Emit a verbatim copy of the lines below from the line with "mermaid skirt |" through the line with "의사 : 맞어. 입을", excluding pictures and everything outside that range.

Data extracts:
/---

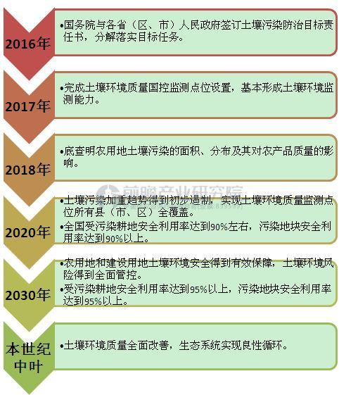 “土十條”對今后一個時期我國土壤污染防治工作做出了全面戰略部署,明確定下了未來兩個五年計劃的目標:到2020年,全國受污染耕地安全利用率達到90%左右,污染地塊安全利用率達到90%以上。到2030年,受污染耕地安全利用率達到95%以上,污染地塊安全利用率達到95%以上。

\---
/---

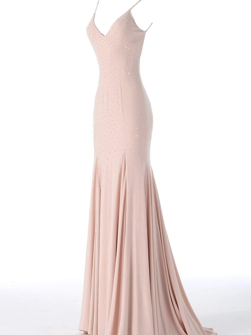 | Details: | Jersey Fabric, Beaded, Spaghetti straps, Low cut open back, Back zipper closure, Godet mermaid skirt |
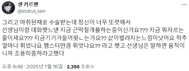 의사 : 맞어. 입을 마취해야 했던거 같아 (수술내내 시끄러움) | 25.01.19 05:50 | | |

\---

Answer to this problem:
 | Details: | Jersey Fabric, Beaded, Spaghetti straps, Low cut open back, Back zipper closure, Godet mermaid skirt |
 의사 : 맞어. 입을 마취해야 했던거 같아 (수술내내 시끄러움) | 25.01.19 05:50 | | |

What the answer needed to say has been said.